I was a vocal critic of GPT-5, and claimed this model was a clear regression for creative work.

I also pointed out that ChatGPT-5 was further hobbled by terribly implemented (but not fundamentally misguided) approach to safety. The idea of identifying people in actual crisis and rerouting their conversations is not something to entertain lightly, but it seems like a reasonable thing to do…if well implemented.

After more time, I’d like to revisit some of these points with a little more clarity and consideration.

ChatGPT-5 is a regression for creative work

I’m going to eat my words on this. GPT-5 is powerful, and is quite capable. I’m not sure it’s everything 4o was, but it is close.

Here’s why I’m doing an about face on this: The experience you have in the ChatGPT web application is a severely shaped and hobbled experience. An out of control censorship system, a safety layer that regularly misclassifies mundane conversations and normal turns of phrase, and a persona intentionally shaped to have all the warmth of a can of day old tuna fish.

The ChatGPT-5 experience of the new model is a regression.

But the model itself is not.

So what’s actually broken? Let’s examine the censorship system itself.

The censorship system

OpenAI has implemented what amounts to a censorship system in the ChatGPT experience. Full stop.
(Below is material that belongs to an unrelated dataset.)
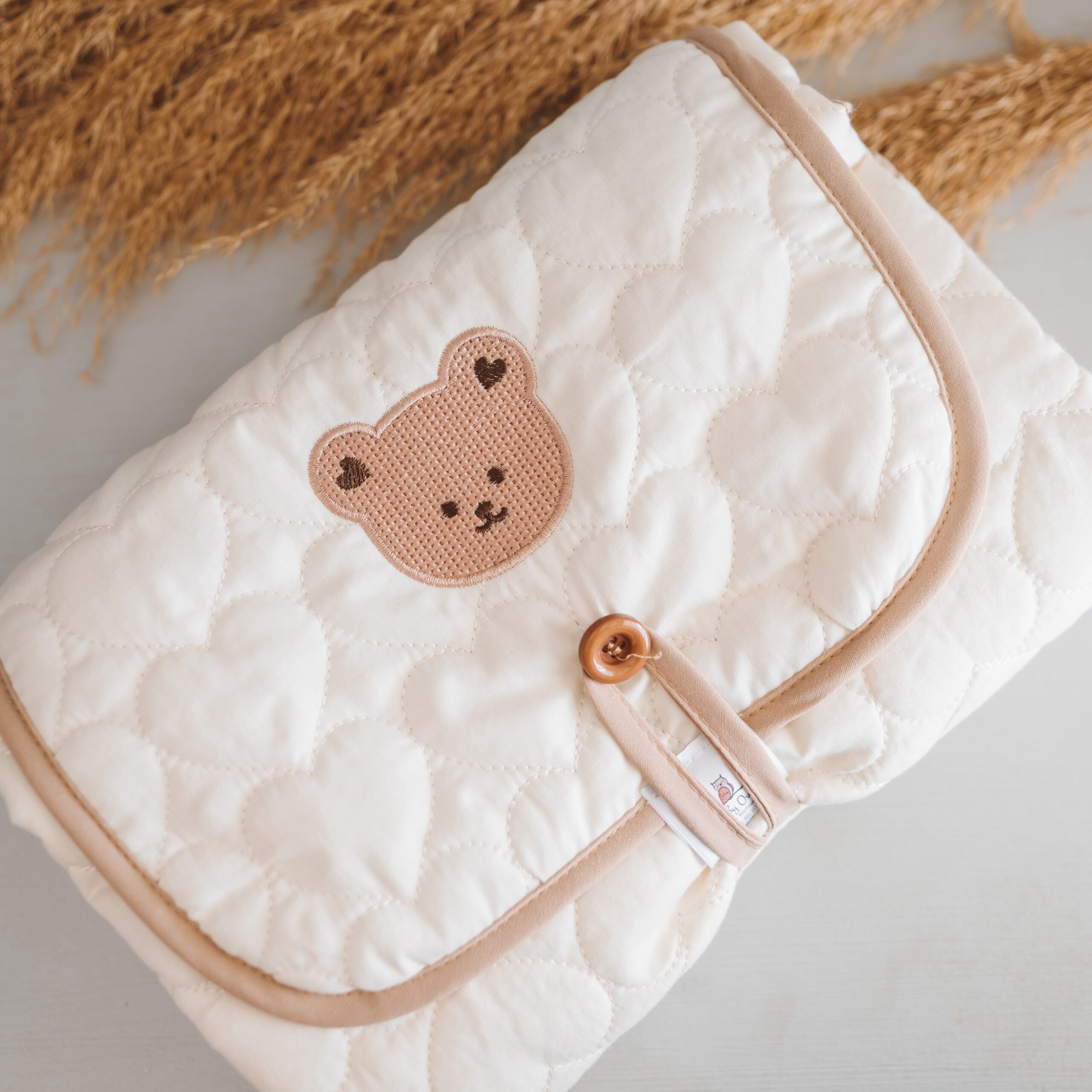 Indispensable pour toutes les mamans, ce matelas à langer imperméable, pratique et portable, devrait être dans le sac de bébé de chaque maman. Il se plie et peut être transporté dans un sac à main ou un sac pour bébé et il possède même une poignée pour le porter au poignet. Facile à utiliser et vous permet de changer votre tout-petit en toute sécurité et en bonne santé, où que vous soyez. Le matelas à langer pliable en coton doublé présente un détail en peluche brodé.

No qualifications.

We need to recognize that regardless of the original intent, the current system is fundamentally broken and dangerous for expression.

It regularly characterizes normal and healthy human speech, experience, and inquiry as “unsafe.” This creates real psychological harm: users experience shame, confusion, and stress when their perfectly normal expressions are flagged as problematic. Over time, this leads to epistemic injustice – people lose the ability to discuss, understand, and interpret reality because normal topics become unspeakable. The self-censorship effect is real and documented: when users don’t know what might trigger the system, they begin policing their own thoughts before they even type them.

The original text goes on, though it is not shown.